Barbra Streisand has "Meet the Fockers," her first film in years, coming out soon. And it is a return to antic comedy, too. (Maybe, a la the old "Garbo Talks" and "Garbo Laughs" campaigns, "Fockers" should tout itself as "Streisand Funny!") But for those who cherish Barbra the velvety singer, she has another treat as well. The star performs a duet on Kenny G.'s upcoming album from Arista, "At Last." She'll sing "The Music That Makes Me Dance." This was a great Bob Merrill/Jule Styne song from the stage version of "Funny Girl," but cut from the film.

Others contributing to Kenny's disc include Gladys Knight, LeAnn Rimes, OutKast with Earth, Wind & Fire as well as Chaka Khan. Chaka fans might want to check out her terrific new CD of standards, "Classikhan."

So many are going this "real music" route -- Rod Stewart, of course, and more recently the fabulous Queen Latifah. There is hope for civilization, even though I tend to agree with the genius George Carlin that we are, generally, a civilization in decline.

More music news: Mariah Carey is out and about, looking good and looking confident. (At Usher's birthday party, she huddled and danced with Denzel Washington for most of the night.) Carey, who has seen her stock rise and fall and then rise again, is said to have a monster hit with her new album from Island Def Jam Records.
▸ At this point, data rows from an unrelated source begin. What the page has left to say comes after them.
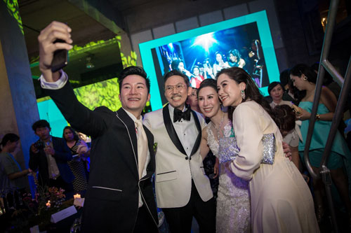 บรรยากาศของงานตกแต่งด้วยแสง เสียง และภาพอันสวยงามสุดอลังการ พร้อมมินิคอนเสิร์ตสุดเอ็กซ์คลูซีฟจาก โต๋-ศักดิ์สิทธิ์ เวชสุภาพร ที่มาสร้างสีสันอย่างใกล้ชิดให้กับแขกที่มาร่วมงานให้ได้กรี๊ดกันอย่างสุดเสียง นอกจากสถานที่จะเจ๋งแล้ว งานนี้บ่าวสาวยังมีไฮไลต์เด็ดในช่วงอาฟเตอร์ปาร์ตี้ที่จัดเต็มทั้งแสงเสียง เหมือนยกคอนเสิร์ตขนาดย่อมมาให้แขกได้มันกันสุดเหวี่ยงจากการแสดงของวงดนตรี YENTED (เย็นเต็ด) และ 60 Miles เรียกได้ว่าเอาใจแขกสายตี๊ดกันเต็มที่
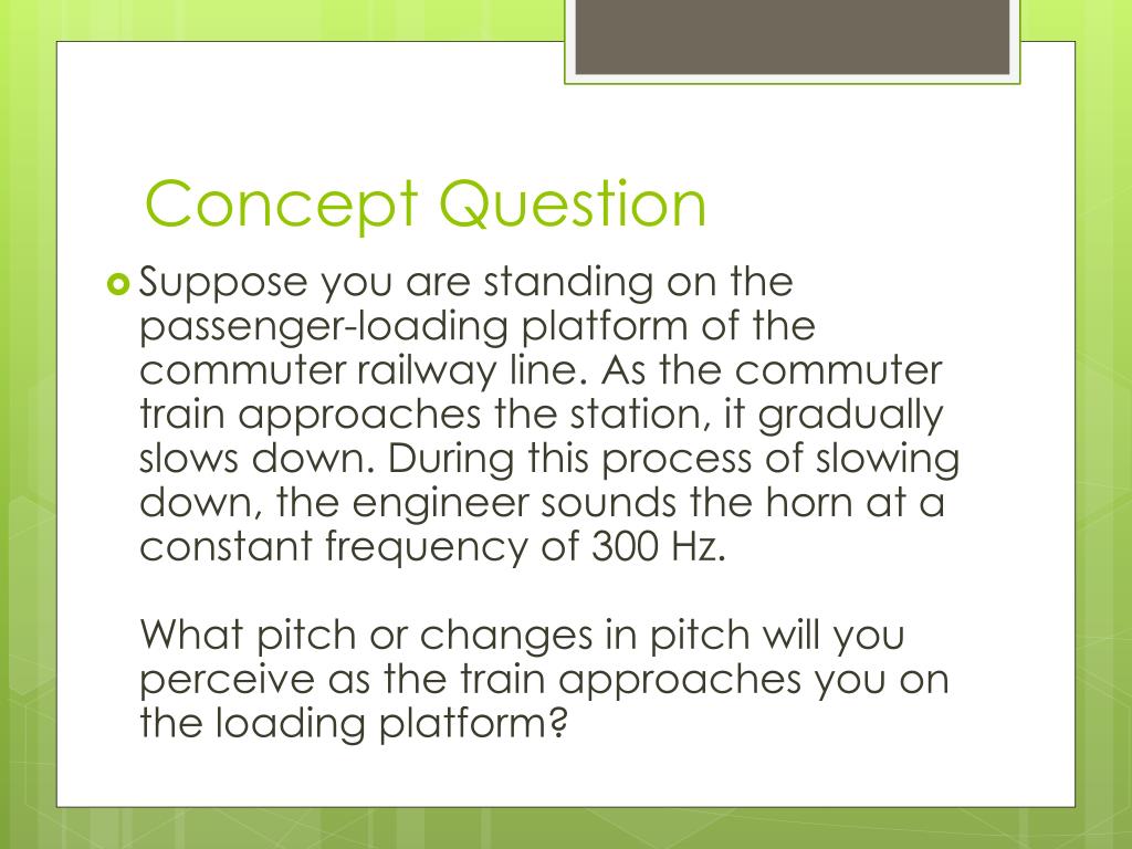 Concept Question • Suppose you are standing on the passenger-loading platform of the commuter railway line. As the commuter train approaches the station, it gradually slows down. During this process of slowing down, the engineer sounds the horn at a constant frequency of 300 Hz. What pitch or changes in pitch will you perceive as the train approaches you on the loading platform?
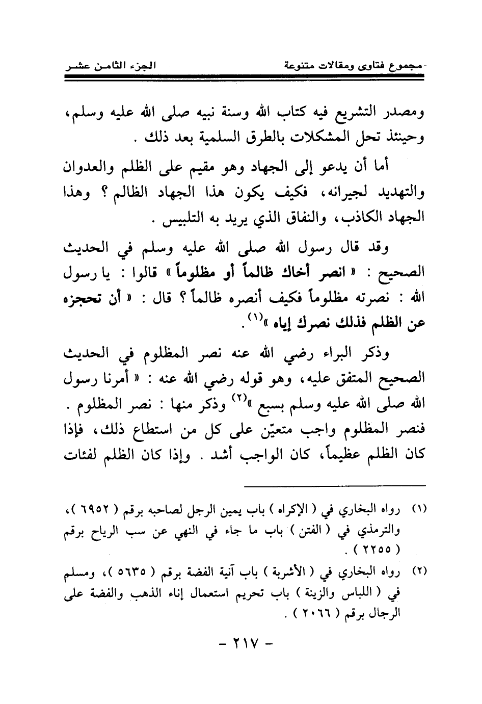 وذكر البراء رضي الله عنه نصر المظلوم في الحديث الصحيح المتفق عليه، وهو قوله رضي الله عنه: «أمرنا رسول الله- صلى الله عليه وسلم- بسبع وذكر منها: نصر المظلوم (¬2) » ، فنصر المظلوم واجب متعين على كل من استطاع ذلك فإذا كان الظلم عظيما، كان الواجب أشد. وإذا كان الظلم لفئات
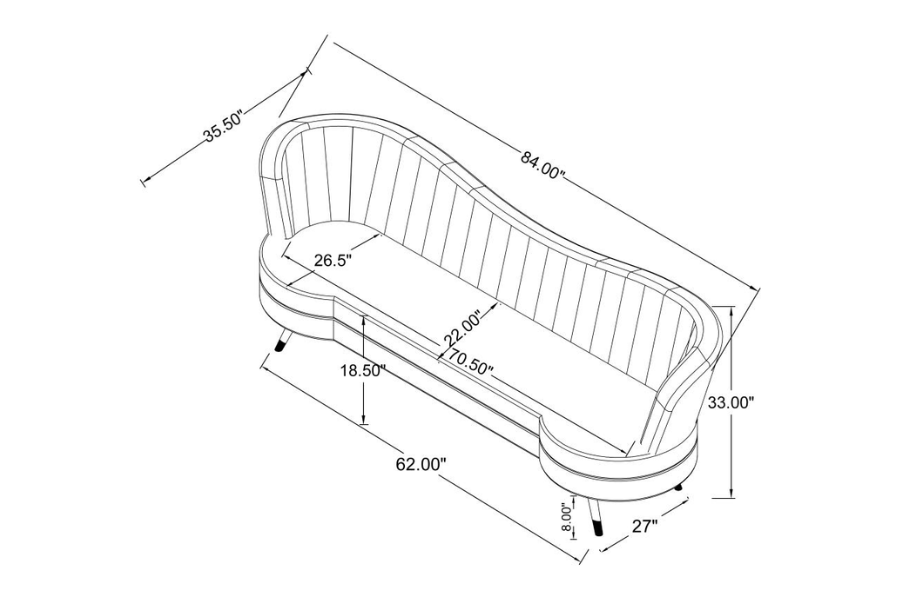 * Sculptural modern glam in a luxurious grey velvet * Feature an inverted camel back creating the right touch of curve appeal * Tailored, vertical channels frame inside back providing a stylish back drop to the kidney shaped attached bench seat * Gold stainless steel tapered legs add the perfect finishing touch |
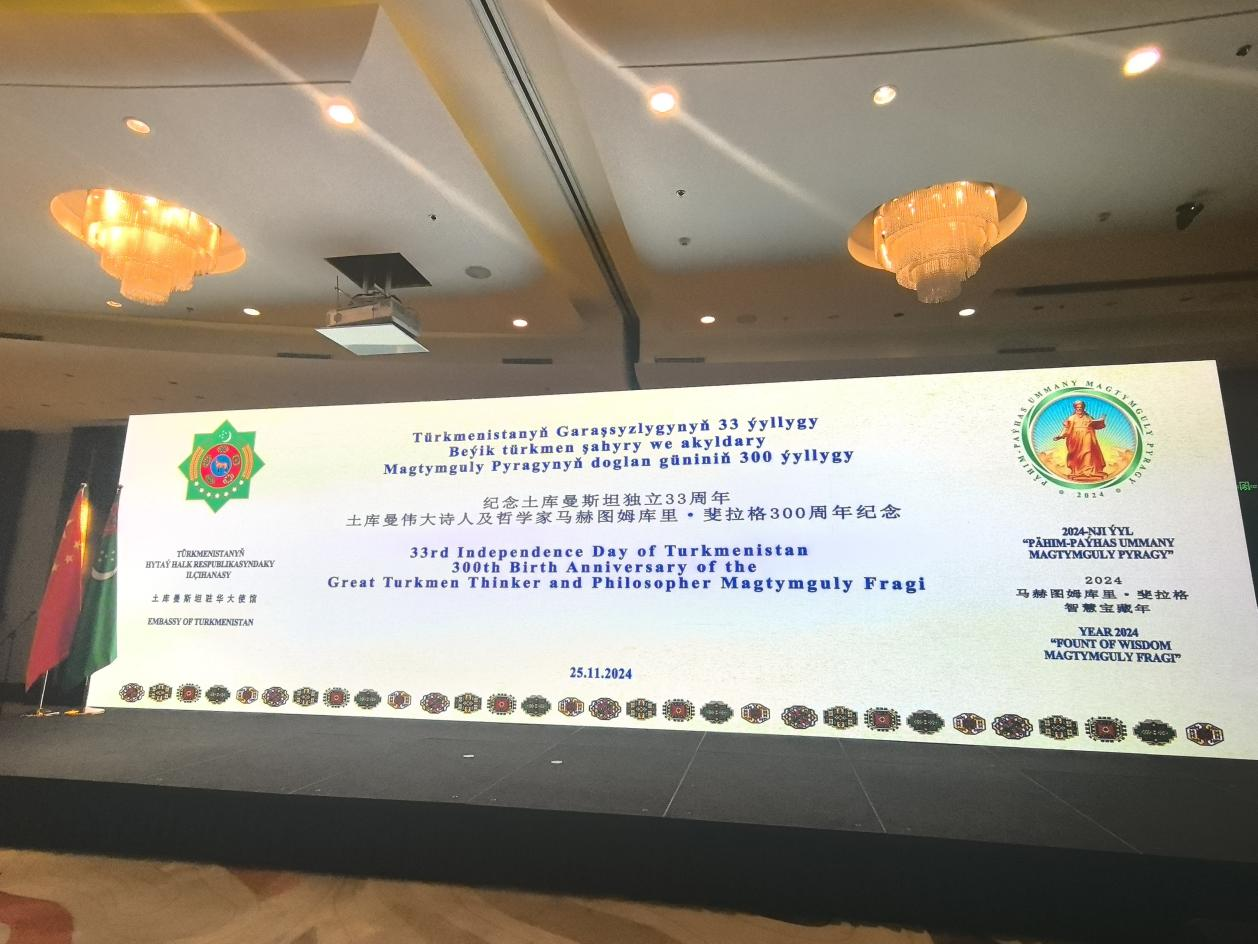 11月25日,土庫曼斯坦駐華使館在北京舉辦慶祝土庫曼斯坦獨立33周年暨馬赫圖姆庫里誕辰300周年招待會。
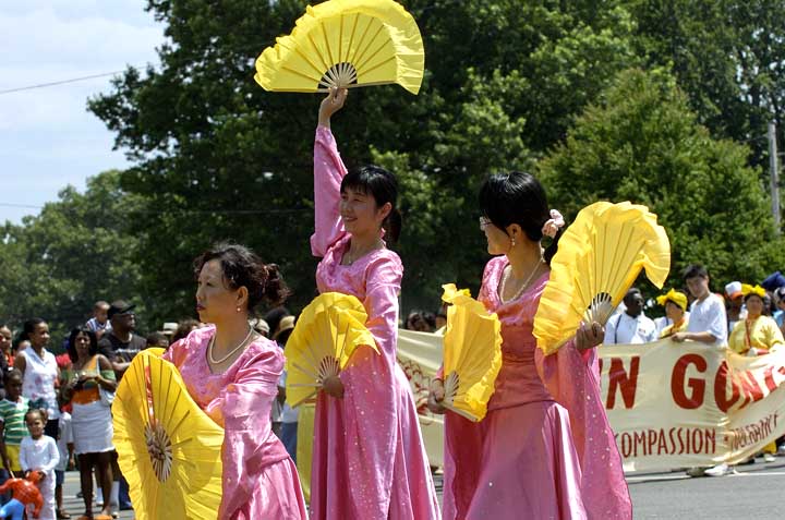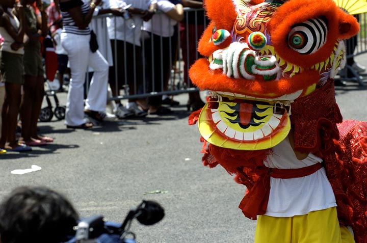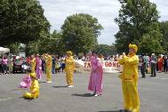有来自加勒比海各国以及非洲、亚洲、拉丁美洲、南美洲等表演队伍参加了本次游行。其中法轮功学员的表演队伍独树一帜。有祥和的法轮功功法表演、中国传统狮子舞表演、扇子舞表演和腰鼓表演。“法轮大法”、“真善忍”的横幅在队伍中非常醒目。
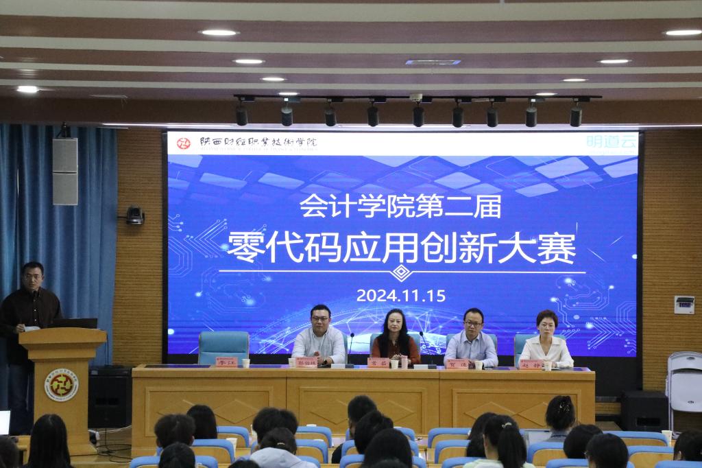 2024年11月15日,陕西财经职业技术学院会计学院与上海万企明道软件有限公司共同举办会计学院产业学院第二届“零代码应用创新大赛”。会计学院院长常茹、党总支书记贺适、学生科科长赵静、学生科副科长张璐和刘歆语、大学生创新创业大赛指导教师黄敏、产业学院负责人薛媛,以及明道云西北区域负责人李江、华为ICT产业学院倒导师郭伯域担任评委。大赛由会计学院校内实践管理中心主任刘金鹿主持。
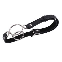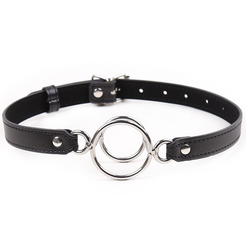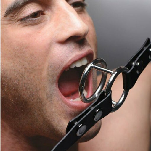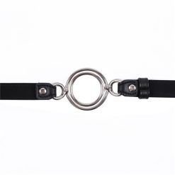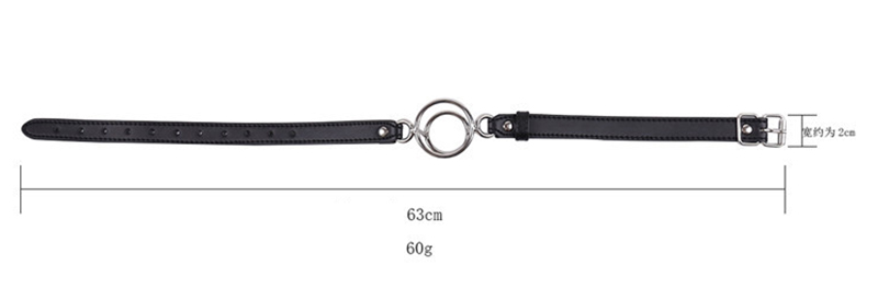 Mordaça de couro com armação metálica redonda. Tamanho regulável por fivela. A boca será suprimida e vai permitir a passagem do que couber através do aro e dos lábios abertos, permitindo manter o que estiver inserido na boca sem a possibilidade de remover. Mordaça possui taxas de metal para prender as tiras de couro de maneira forte e confiável. Grossos e resistentes.
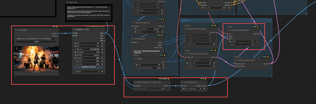 图生视频工作流是在文生视频基础上作一些小小修改,接入图像并进行图像尺寸处理,然后接入LTXVImgToVideoInplace节点中。其它一样。

And she hasn't even finished it yet! First listeners say it is "the strongest album of Mariah's career." In a career that has seen some stratospheric highs, that's saying a lot.

The label's honcho, LA Reid, has worked closely with Mariah on this effort, as has producer Jermaine Dupri. He has a hit with Usher and Alicia Keys.

I wish all the best for Mariah, a girl who has had her share of problems. She is, I think, essentially a young woman to whom fame -- in the person of career molder Tommy Mottola -- came too fast and too furious. Also, her 1994 Christmas album remains constantly in my CD player during the holiday season. It is my favorite Mariah recording. (Her "O Holy Night" is stupendous.)

Want to see big stars? The Stella by Starlight gala next Monday at the Pierre will blow the roof off as Warren Beatty steps up to receive from Arthur Penn, the Stella Adler Award to be given posthumously to Marlon Brando.